(Data for processing Opens)

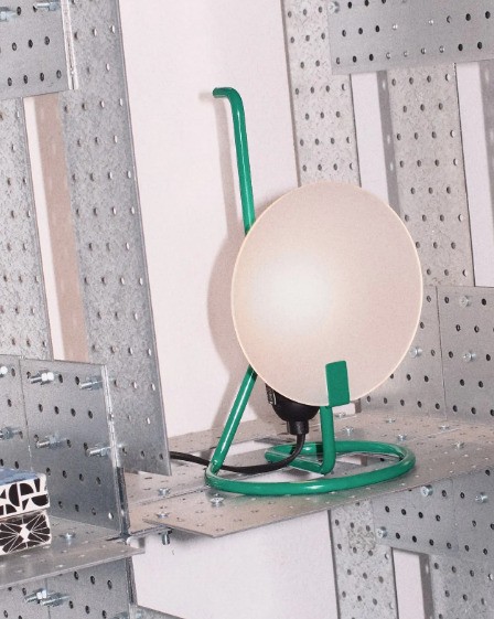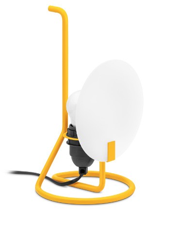 De lamp is vervaardigd uit glanzend gepoederlakt metaal en verkrijgbaar in een levendig kleurenpalet: geel, zwart, rood, groen en wit. Dankzij zijn compacte afmetingen past hij moeiteloos op een bureau, bijzettafel, nachtkastje of als sfeerverlichting in de woonkamer.
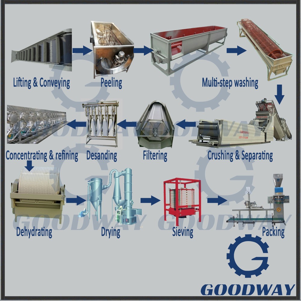4. Dry powder collected from the collector, but tailings are collected by another end to make sure completely collection. 5. Starch powder needs to be screened again to make sure no leaves or other things got in.
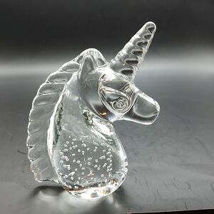 Vintage Art Glass Unicorn Paperweight with controlled bubbles. Smooth bottom. Perfect paperweight for a work desk or for the magically inclined!!
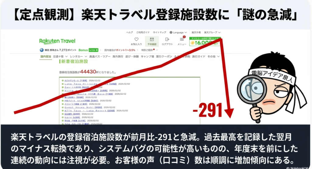 📊 楽天トラベル 楽天が運営する宿泊予約サイトで、登録宿泊施設数を定点観測している。2026年2月に前月比マイナス291という衝撃的な数字を記録し、増加傾向から一転して減少に転じた。過去には増減を繰り返しながらもトータルでは増加傾向にあったため、今後の動向が注目される。年度末の時期でもあり、連続してマイナスになると懸念される状況。
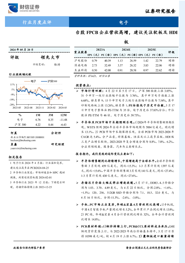 PCB市场 半导体市场 投资建议 电子行业 财务分析
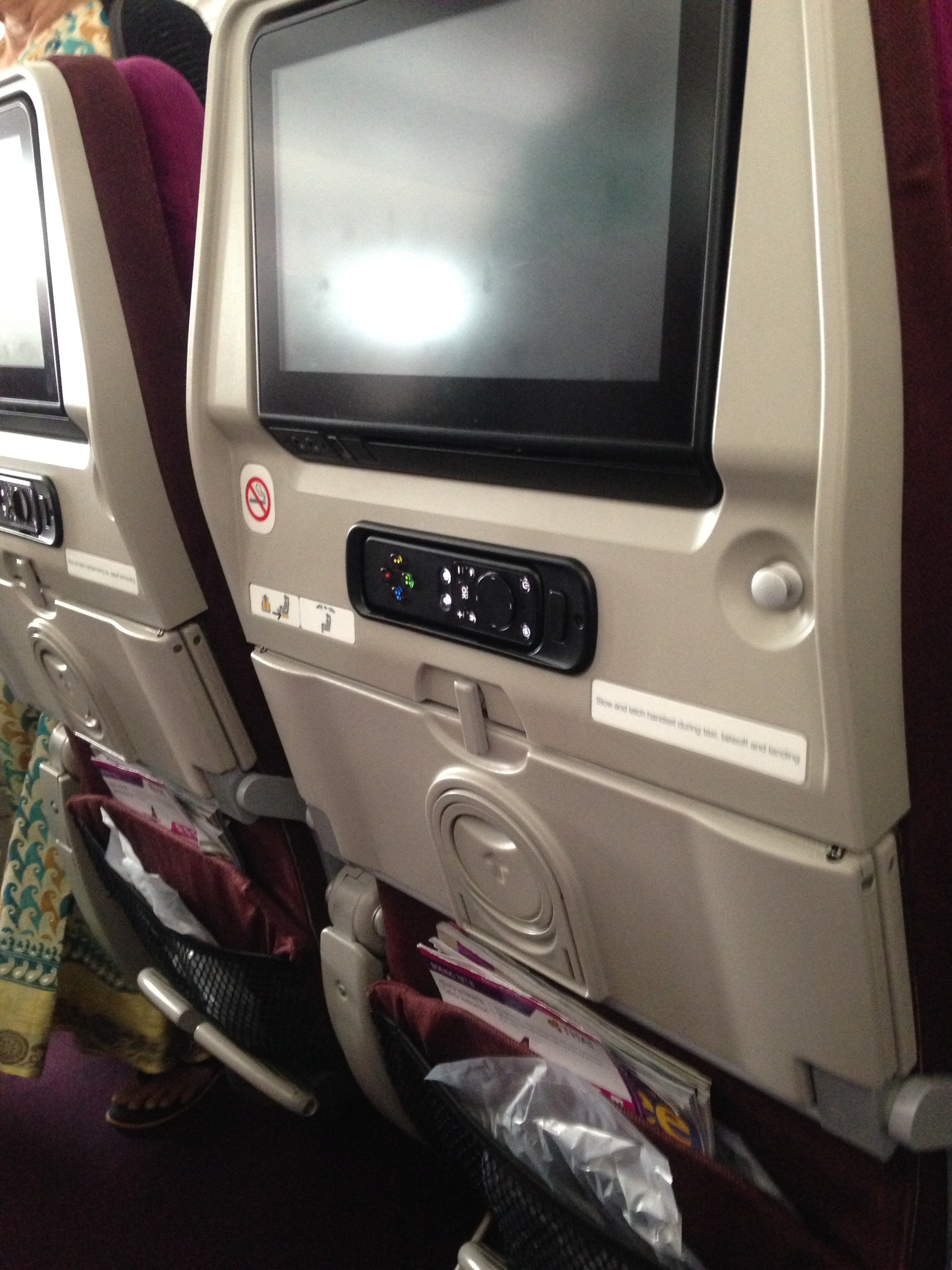 My seat is 32F, an aisle seat one row behind the start of Economy, on this Boeing 787B Dreamliner. It is very comfy, has ample netting for my bits and pieces, a large touchscreen video, and even a foot rest.
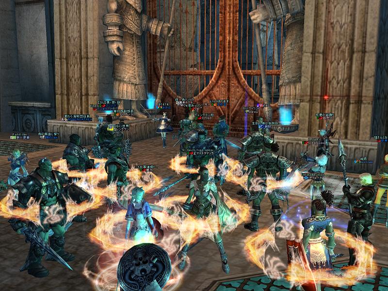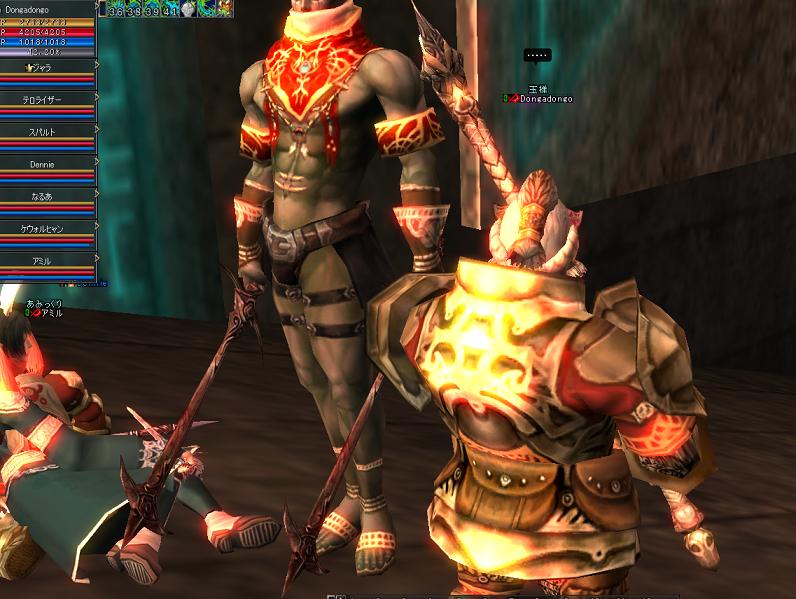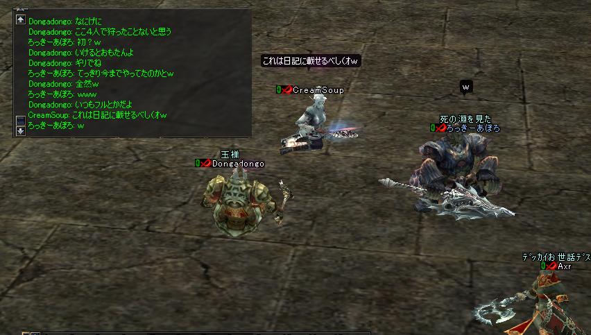決勝はたしかチームゼファ、チームもっこり、チーム白猫ちゃん、チーム師のとこ(どこだったんだろ?)の4チームだったと思う。わちもわりと本気でタタカッテいたのでSSも撮れてないし確認できないが、とりあえず逃げ回って軽くいなしつつ孤立したやつを殴って着実に倒し、最後はチームもっこりの3人vsわち1人でぼこられまくってフレンジー起動!バスカーラをぢごくの道連れにしたもののHPが尽きてあえなくダウン。優勝はチームもっこりとなった。優勝商品ヘビーソードツヴァイハンダーつめあわせギフトセットを送る(購入資金はわちの自腹ではなくDUの血盟資金からでつw)まぁチームもっこりも同盟クランのメンバーなので身内に商品やってもなぁ・・・という気もしなくもないがね^^;どうせなら真ビスケとかが勝てばおもろかったのに。あ、ちなみに八百長とかはありえませんので悪しからず。わしゃいつでも本気じゃーーーーーーーー!!クラメンであろーと真剣勝負で手を抜く&組むやつぁオークの風上にもおけんっ!漢ならコブシでわかりあえぇぇぇぇい!
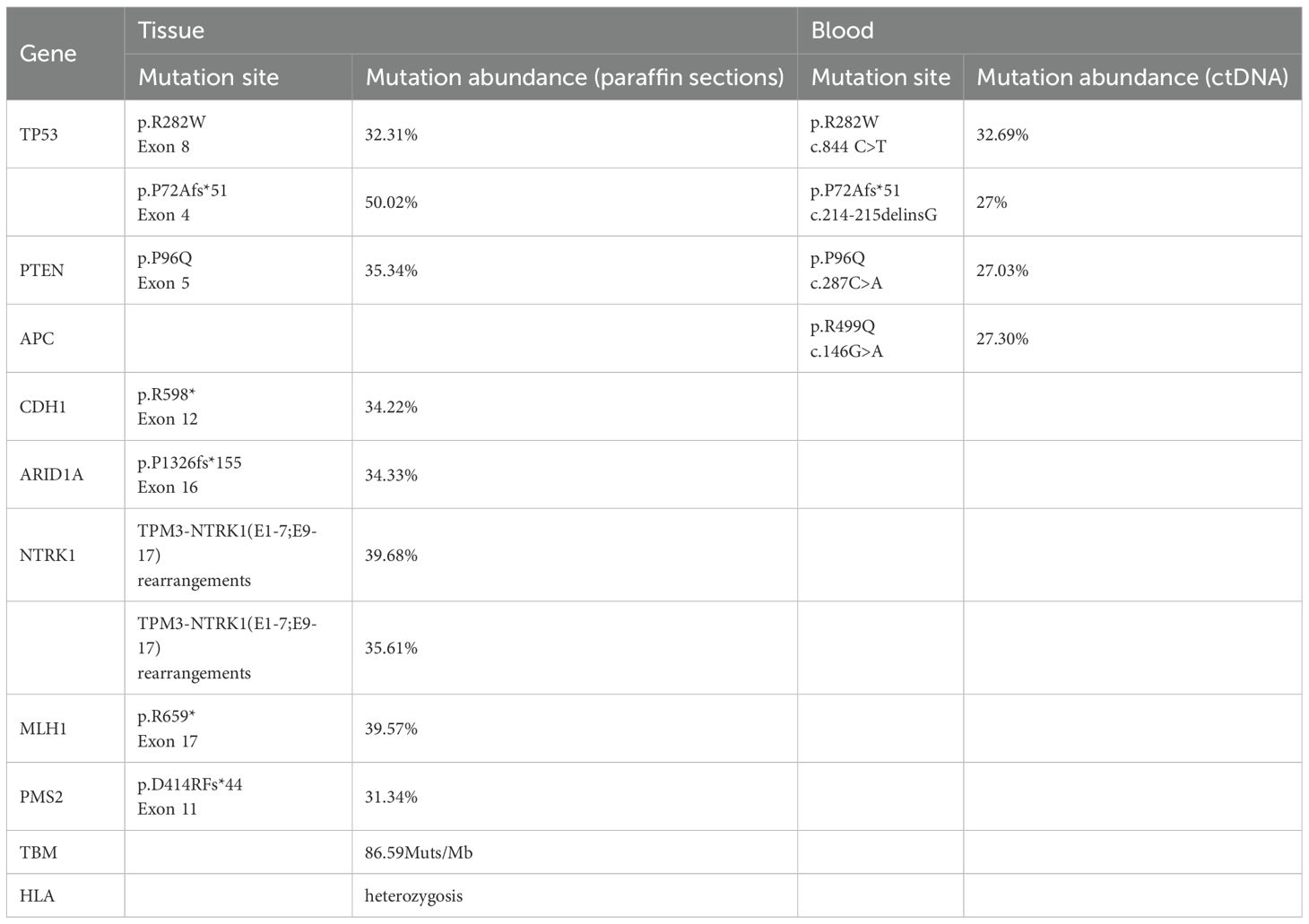 Next-generation sequencing (NGS) analysis of the patient’s postoperative tissue paraffin sections and peripheral blood ctDNA revealed MSI-H, TMB-H (86.59 Muts/Mb), HLA heterozygosity, wild-type KRAS/NRAS/BRAF, NTRK1 rearrangements, and mutations in PTEN, TP53, and CDH1, among others (Table 1).
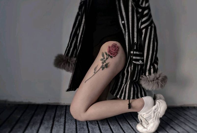 当前位置: 首页 >四川省德阳市纹身店-黑白刺青纹身图案>玫瑰纹身图片_腿部老传统纹身图案
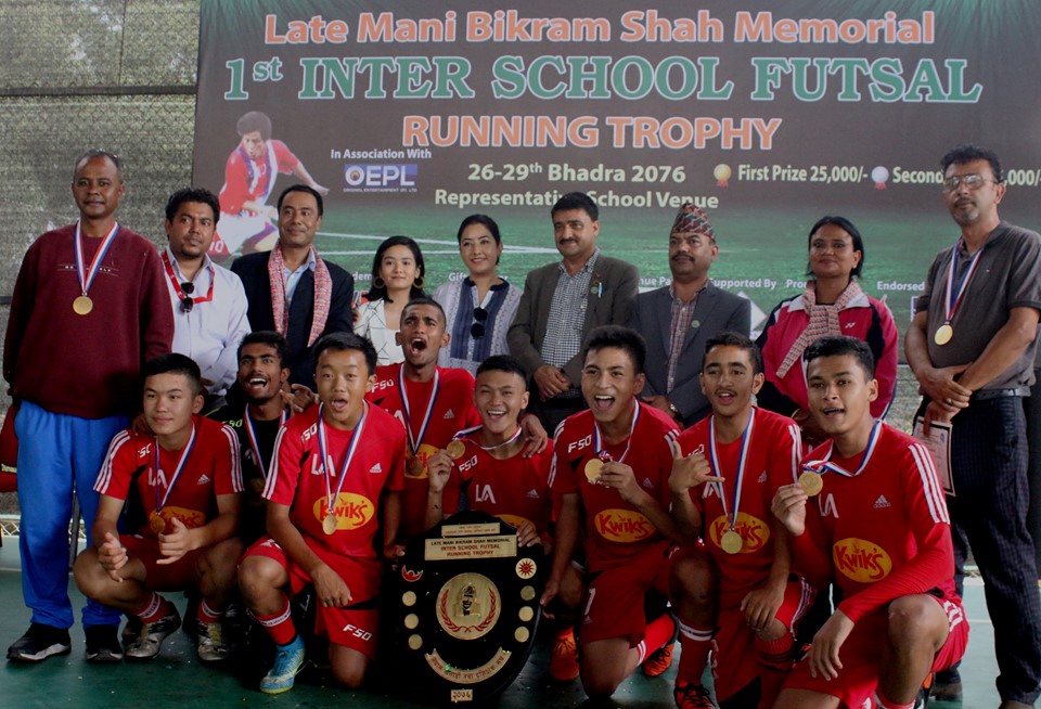 काठमाडौं (हाम्रो खेलकुद) – लिटिल एन्जल्स स्कुल (एलए) स्कुलले मणि बिक्रम शाह स्मृति अन्तर बिद्यालय फुटसल प्रतियोगिताको उपाधि जितेको छ । आइतवार भएको फाइनलमा एलएले माउण्ट ग्लोरी स्कुललाई ४–२ गोल अन्तरले हराँउदै पहिलो सस्करणको च्याम्पियन ट्रफि उचालेको हो । एलएको जितमा सिद्धान्त ठाकुरले २ गोल गर्दा मुनाल थापा र विकास पुनले समान एक गोल गे […]
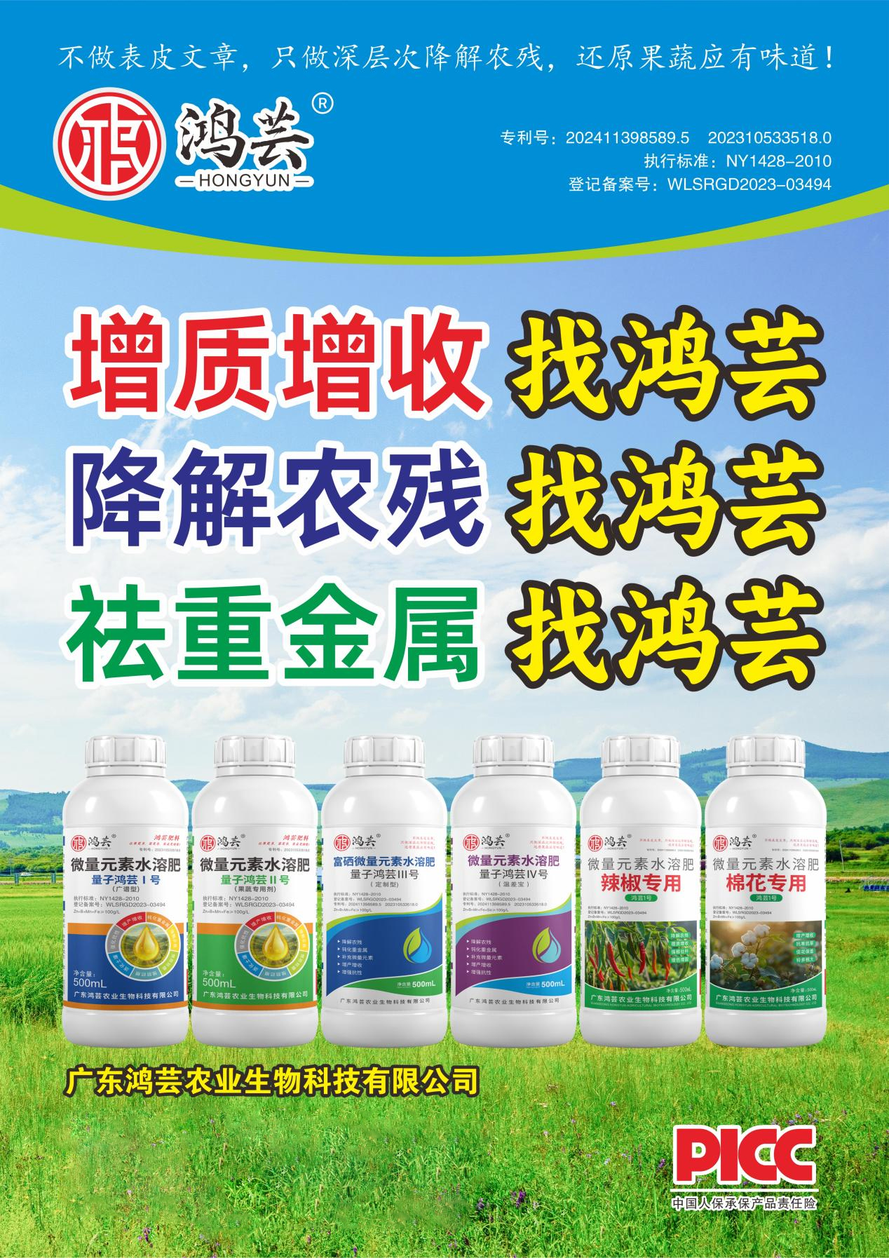 本次广东鸿芸农业生物科技有限公司旗下鸿芸系列产品,顺利通过中国人保审核,为企业全线产品承保产品责任险,标志着广东鸿芸农业生物科技有限公司为消费者提供产品安全保障的决心。
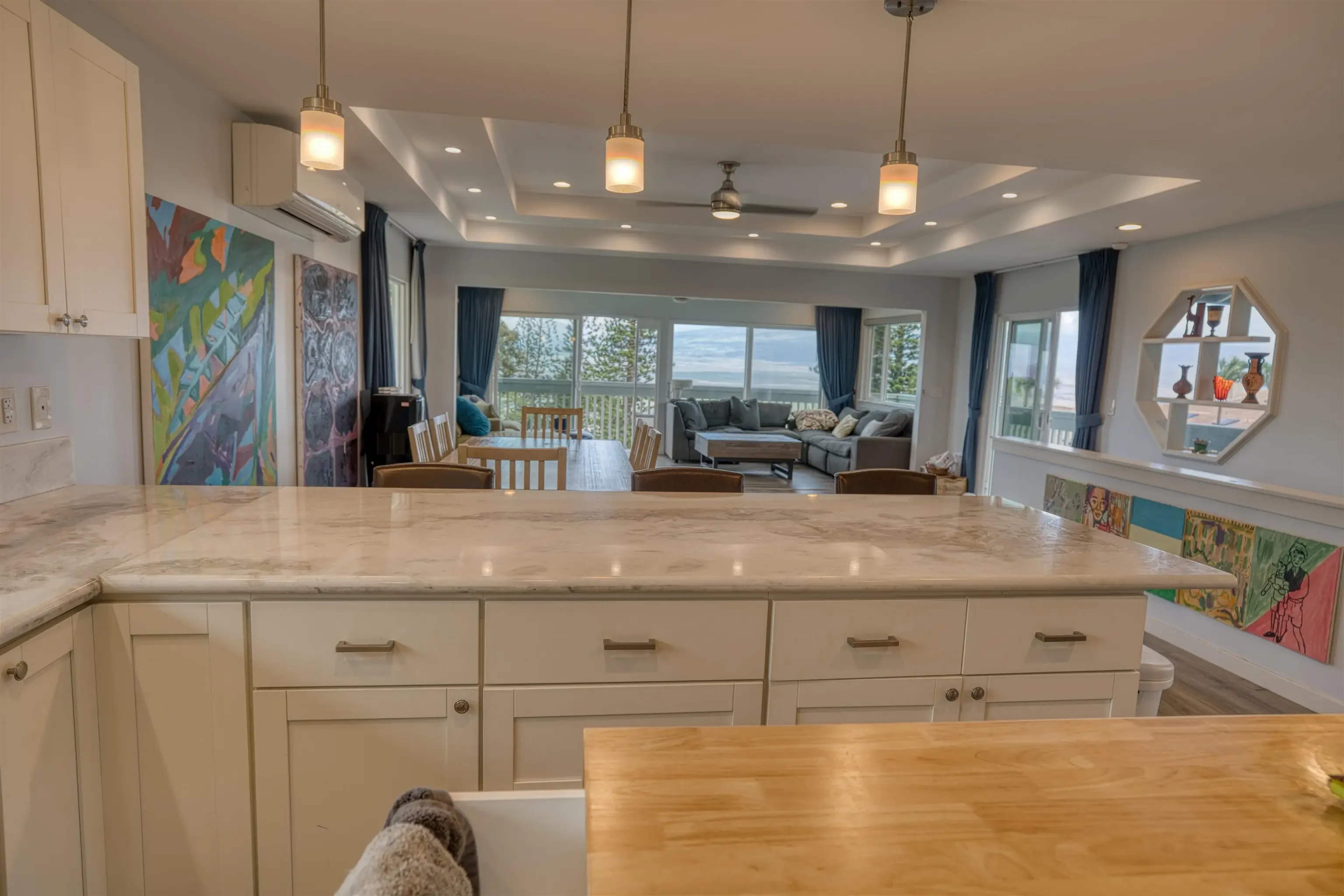 Stunning Modern Two-Story Home in Wailuku Heights with Panoramic Views This fully renovated 4-bedroom, 3-bath home offers breathtaking views of Maui, stretching from the ocean to the majestic Haleakala, while overlooking the Wailuku Heights park. The home boasts new flooring, a brand-new kitchen with cabinets, countertops, appliances, and split-system AC units. The master suite includes a walk-in closet, a luxurious marble-enclosed shower, and a separate bathtub. There is also a dedicated computer room, family room, and dining area. The extended living room with elevated ceilings opens up to a new wrap-around viewing deck. The landscaped yard features a sprinkler system, an outdoor entertainment area with a barbecue on a covered concrete patio, and fish ponds. An upgraded exterior bathroom and shower complement the outdoor space. The downstairs bonus studio offers a kitchen, bathroom, and both interior and exterior access, making it ideal for guests or rental potential. This home combines luxurious living with unmatched views and modern conveniences. Seller has an active Hawaii Real Estate license. Seller is a co-lister. Watch the 3D Video at the end of the first video.

(Data for processing Closes)

Exercise objective:
Set down every line of the entries above again, exactly as written, but not the pictures.

Answer to the exercise:
 De lamp is vervaardigd uit glanzend gepoederlakt metaal en verkrijgbaar in een levendig kleurenpalet: geel, zwart, rood, groen en wit. Dankzij zijn compacte afmetingen past hij moeiteloos op een bureau, bijzettafel, nachtkastje of als sfeerverlichting in de woonkamer.
4. Dry powder collected from the collector, but tailings are collected by another end to make sure completely collection. 5. Starch powder needs to be screened again to make sure no leaves or other things got in.
 Vintage Art Glass Unicorn Paperweight with controlled bubbles. Smooth bottom. Perfect paperweight for a work desk or for the magically inclined!!
 📊 楽天トラベル 楽天が運営する宿泊予約サイトで、登録宿泊施設数を定点観測している。2026年2月に前月比マイナス291という衝撃的な数字を記録し、増加傾向から一転して減少に転じた。過去には増減を繰り返しながらもトータルでは増加傾向にあったため、今後の動向が注目される。年度末の時期でもあり、連続してマイナスになると懸念される状況。
 PCB市场 半导体市场 投资建议 电子行业 财务分析
 My seat is 32F, an aisle seat one row behind the start of Economy, on this Boeing 787B Dreamliner. It is very comfy, has ample netting for my bits and pieces, a large touchscreen video, and even a foot rest.
決勝はたしかチームゼファ、チームもっこり、チーム白猫ちゃん、チーム師のとこ(どこだったんだろ?)の4チームだったと思う。わちもわりと本気でタタカッテいたのでSSも撮れてないし確認できないが、とりあえず逃げ回って軽くいなしつつ孤立したやつを殴って着実に倒し、最後はチームもっこりの3人vsわち1人でぼこられまくってフレンジー起動!バスカーラをぢごくの道連れにしたもののHPが尽きてあえなくダウン。優勝はチームもっこりとなった。優勝商品ヘビーソードツヴァイハンダーつめあわせギフトセットを送る(購入資金はわちの自腹ではなくDUの血盟資金からでつw)まぁチームもっこりも同盟クランのメンバーなので身内に商品やってもなぁ・・・という気もしなくもないがね^^;どうせなら真ビスケとかが勝てばおもろかったのに。あ、ちなみに八百長とかはありえませんので悪しからず。わしゃいつでも本気じゃーーーーーーーー!!クラメンであろーと真剣勝負で手を抜く&組むやつぁオークの風上にもおけんっ!漢ならコブシでわかりあえぇぇぇぇい!
 Next-generation sequencing (NGS) analysis of the patient’s postoperative tissue paraffin sections and peripheral blood ctDNA revealed MSI-H, TMB-H (86.59 Muts/Mb), HLA heterozygosity, wild-type KRAS/NRAS/BRAF, NTRK1 rearrangements, and mutations in PTEN, TP53, and CDH1, among others (Table 1).
 当前位置: 首页 >四川省德阳市纹身店-黑白刺青纹身图案>玫瑰纹身图片_腿部老传统纹身图案
 काठमाडौं (हाम्रो खेलकुद) – लिटिल एन्जल्स स्कुल (एलए) स्कुलले मणि बिक्रम शाह स्मृति अन्तर बिद्यालय फुटसल प्रतियोगिताको उपाधि जितेको छ । आइतवार भएको फाइनलमा एलएले माउण्ट ग्लोरी स्कुललाई ४–२ गोल अन्तरले हराँउदै पहिलो सस्करणको च्याम्पियन ट्रफि उचालेको हो । एलएको जितमा सिद्धान्त ठाकुरले २ गोल गर्दा मुनाल थापा र विकास पुनले समान एक गोल गे […]
 本次广东鸿芸农业生物科技有限公司旗下鸿芸系列产品,顺利通过中国人保审核,为企业全线产品承保产品责任险,标志着广东鸿芸农业生物科技有限公司为消费者提供产品安全保障的决心。
 Stunning Modern Two-Story Home in Wailuku Heights with Panoramic Views This fully renovated 4-bedroom, 3-bath home offers breathtaking views of Maui, stretching from the ocean to the majestic Haleakala, while overlooking the Wailuku Heights park. The home boasts new flooring, a brand-new kitchen with cabinets, countertops, appliances, and split-system AC units. The master suite includes a walk-in closet, a luxurious marble-enclosed shower, and a separate bathtub. There is also a dedicated computer room, family room, and dining area. The extended living room with elevated ceilings opens up to a new wrap-around viewing deck. The landscaped yard features a sprinkler system, an outdoor entertainment area with a barbecue on a covered concrete patio, and fish ponds. An upgraded exterior bathroom and shower complement the outdoor space. The downstairs bonus studio offers a kitchen, bathroom, and both interior and exterior access, making it ideal for guests or rental potential. This home combines luxurious living with unmatched views and modern conveniences. Seller has an active Hawaii Real Estate license. Seller is a co-lister. Watch the 3D Video at the end of the first video.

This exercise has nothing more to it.